Depth Psychology vs CBT – A New Perspective

Depth Psychology has never had it easy. Most articles in New Scientist and other scientific journals denounce psychoanalysis as pseudoscience, a collection of disproved and discredited techniques for curing mental illness. At worst, a scam. A long review article by Oliver Burkeman recently published in the Guardian takes a different view that psychoanalysis (the author focuses on the Freudian approach) is indeed proving itself much more effective than more popular approaches such as Cognitive Behaviour Therapy (CBT).

No one questions the efficacy of CBT therapy, at least its short term efficacy. It is designed at helping the patient alter unproductive modes of thinking and feeling, to enable the patient to cope in society. Be happier. However, according to Burkeman the cure tends to be short term because the underlying causes for the neurosis, mental pain, depression or obsession are not adressed. An analogy would be if a doctor gave a patient a regimen of paracetamol rather than finding the cause of the pain. Depth psychology on the other hand goes in search of the causes: the trauma, a patient’s history, or pain caused by their present psychological development. No one promises that the cure will be fast or easy. Or cheap. However recent studies show that the benefits of psychoanalysis far outweigh those off CBT therapy in the long run.

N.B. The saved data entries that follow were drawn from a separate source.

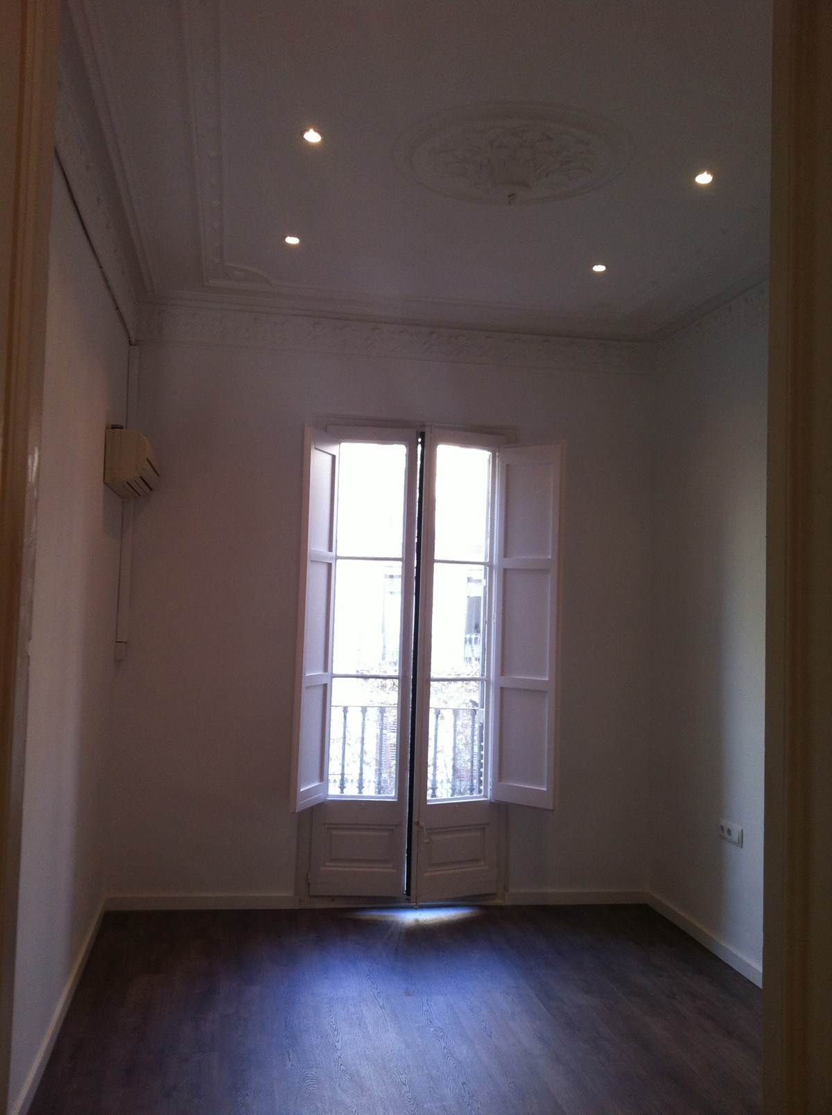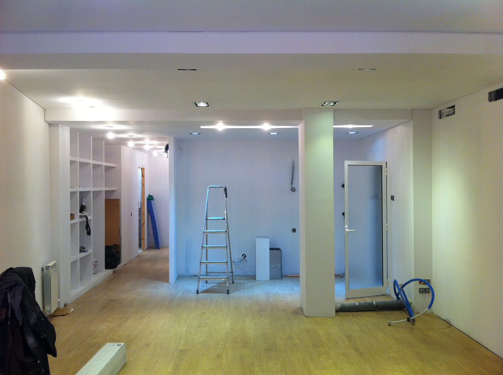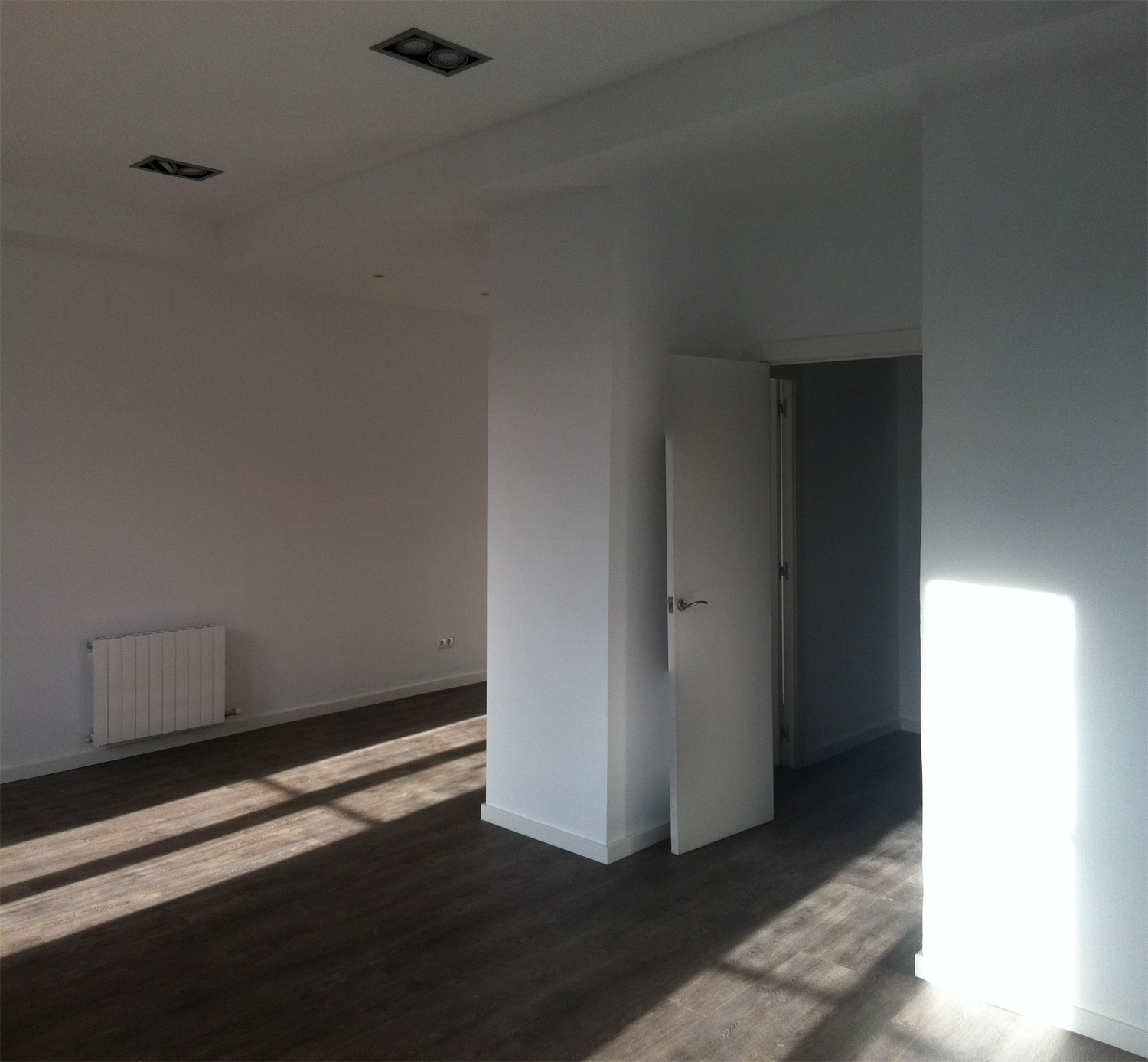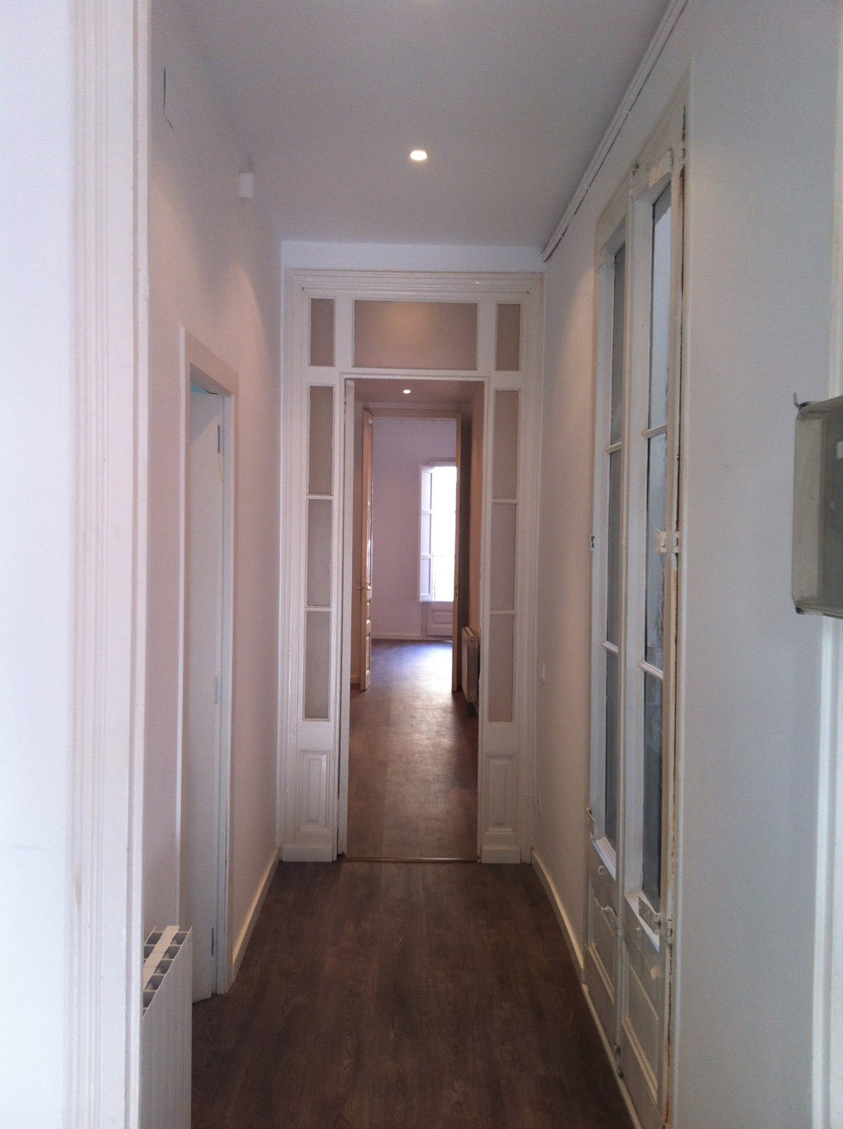 Reforma de vivienda en la C. Sepúlveda. Cambio de imagen y actualización de las instalaciones. Aire acondicionado por conductos, pavimento, falsos techos, iluminación, carpinterias interiores y pintura.
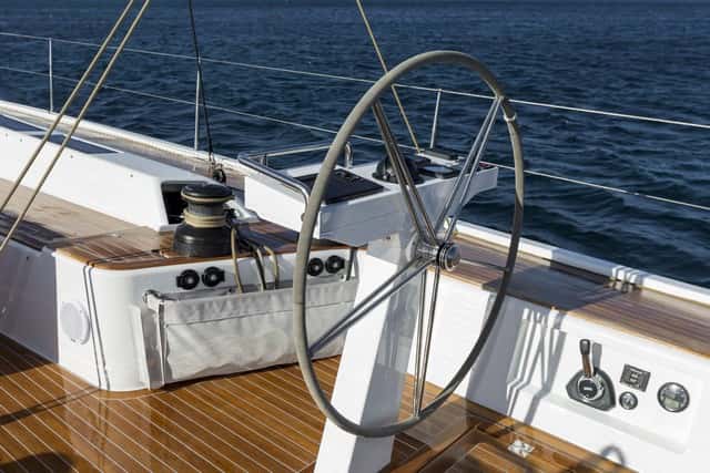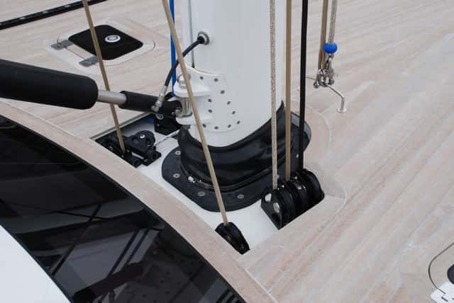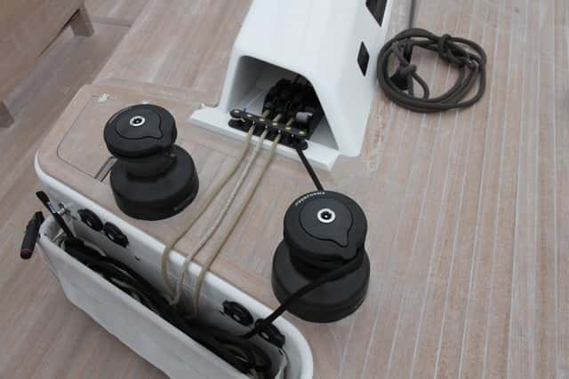 Acorde con la idea general del diseño, tanto los lados del tambucho como la bañera también están libre de cabos y obstáculos: escotas, drizas, cabos de rizo… Todo corre oculto bajo las brazolas hasta los únicos cuatro winches situados frente a las ruedas de los timones, desde donde se controla todo. Ni siquiera la escota de mayor es un obstáculo para la circulación, ya que no hay carro sino que va anclada a un cáncamo central, una opción que no placerá a los más puristas tratándose de un barco con vocación de velocidad. En pocos veleros se hace tan evidente el objetivo del diseñador de crear un velero en el que la disposición de la maniobra no malogre la armonía del conjunto. Un objetivo, hay que destacarlo, perfectamente logrado.
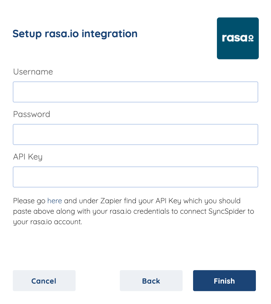 Locate the API Key, then copy and paste it into the last credentials input field of the SyncSpider integration setup window.
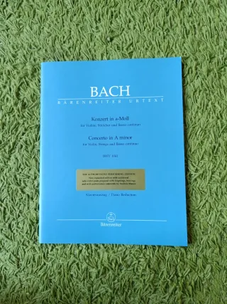 Partitura de Konzert in a-Moll de J.S. Bach,edición Bärenreiter Urtext.Concerto in A minor,BWV 1041.Para Violín, Cuerdas y Bajo continuo.Edición de interpretación autorizada.Incluye partes de violín solista con digitaciones y comentarios de Andrew Manze.Reducción para piano. ISBN:9790006466887.Tengo muchas más partituras de violín y violonchelo en mi perfil.Se puede ver sin compromiso.Consulta mis más de 1.200 valoraciones felices en Wallapop.Entrego en Prosperidad.También hago envíos. Partitura,violín,música,G.Henle Verlag,Urtext,Mozart,Paganini,Bach,Telemann,Vivaldi,Wagner,Fiorillo,Mazas,Küchler,Kreutzer,Gruetzmacher.
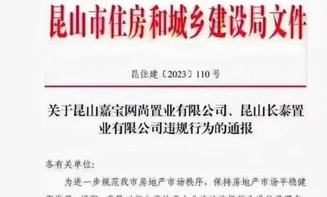 今年5月,昆山两个项目也因为“擅自大幅度降价销售,扰乱房地产市场正常秩序”而受到处罚。
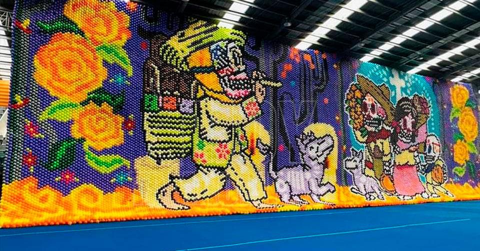 Esta escultura de globos que tuvo temáticas mexicanas, obtuvo el récord Guinness del Mural Más Grande, además del segundo de personas elaborando una escultura de globos, al mismo tiempo.
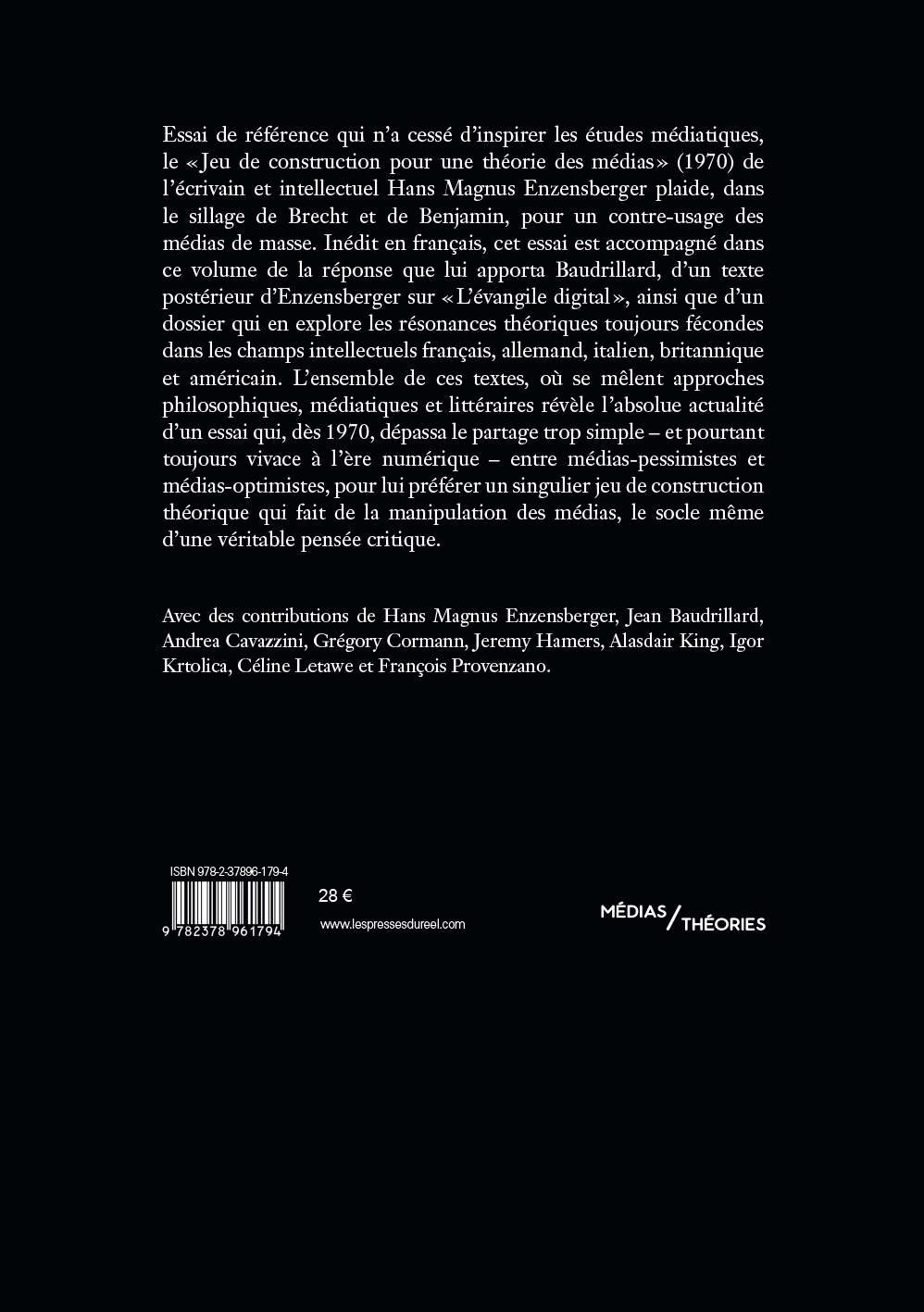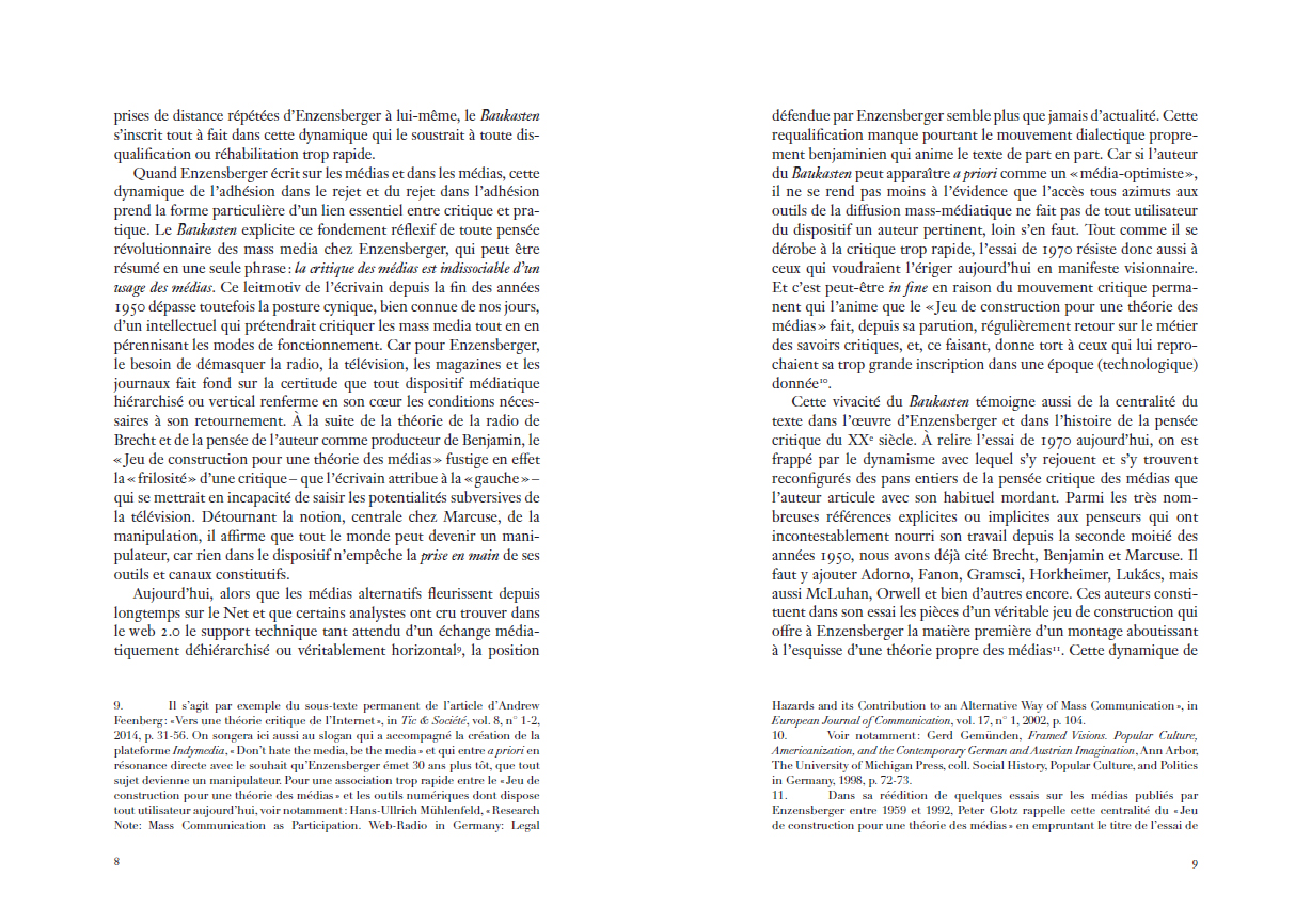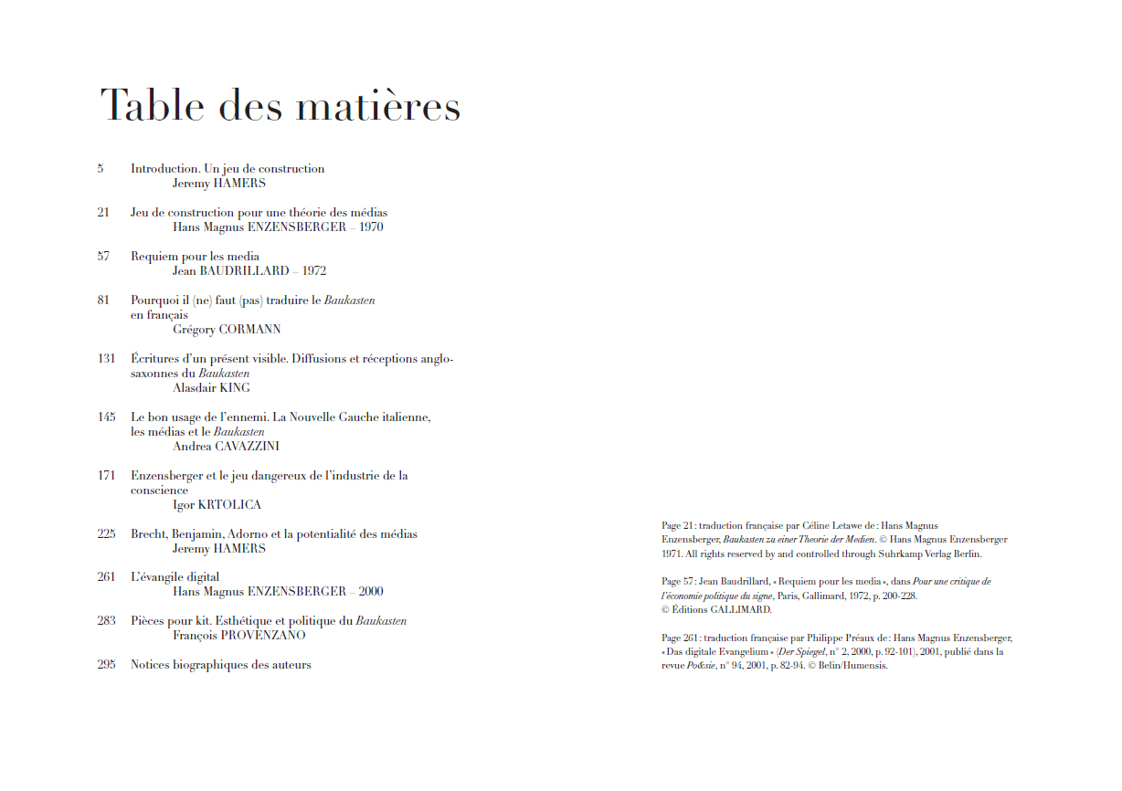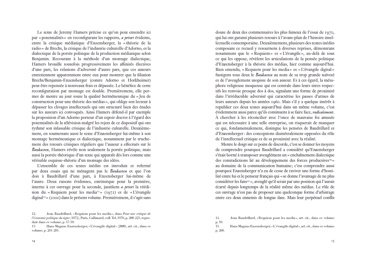 Benjamin, pour un contre-usage des médias de masse. Inédit en français, cet essai est accompagné dans ce volume de la réponse que lui apporta Baudrillard, d'un texte postérieur d'Enzensberger sur « L'évangile digital », ainsi que d'un dossier qui en explore les résonances théoriques toujours fécondes dans les champs intellectuels français, allemand, italien, britannique et américain. L'ensemble de ces textes, où se mêlent approches philosophiques, médiatiques et littéraires révèle l'absolue actualité d'un essai qui, dès 1970, dépassa le partage trop simple – et pourtant toujours vivace à l'ère numérique – entre médias-pessimistes et médias-optimistes, pour lui préférer un singulier jeu de construction théorique qui fait de la manipulation des médias, le socle même d'une véritable pensée critique.

But has psychoanalysis any scientific basis? Curiously the recent support for psychoanalysis comes from neurological research. In psychoanalysis (Freudian or Jungian) our conscious self is only the tip of an iceberg floating in water. Nine tenths of us is unknown — not readily available to us. The unconscious speaks to us through dreams, symbols, strong feelings whose origins we don’t understand or patterns of behaviour. This is exactly the view of modern neurology that ascribes our conscious actions to a vast substratum of activity in the brain that we are not aware of. While it is unlikely (even undesirable) that the interpretation of dreams will ever be done by positivistic scientific analysis — dream interpretation is more of an art than a science —  the model of the human psyche uncovered by today’s neurology is in sync with the postulates of psychoanalysis.

Psychoanalysis has been alienated from most academic circles in Britain and the US for so long that one may not see its return there for some time. However, its growing acceptance by patients and people who find relief from mental illness will no doubt lead to a changing, more positive perception if a very effective technique.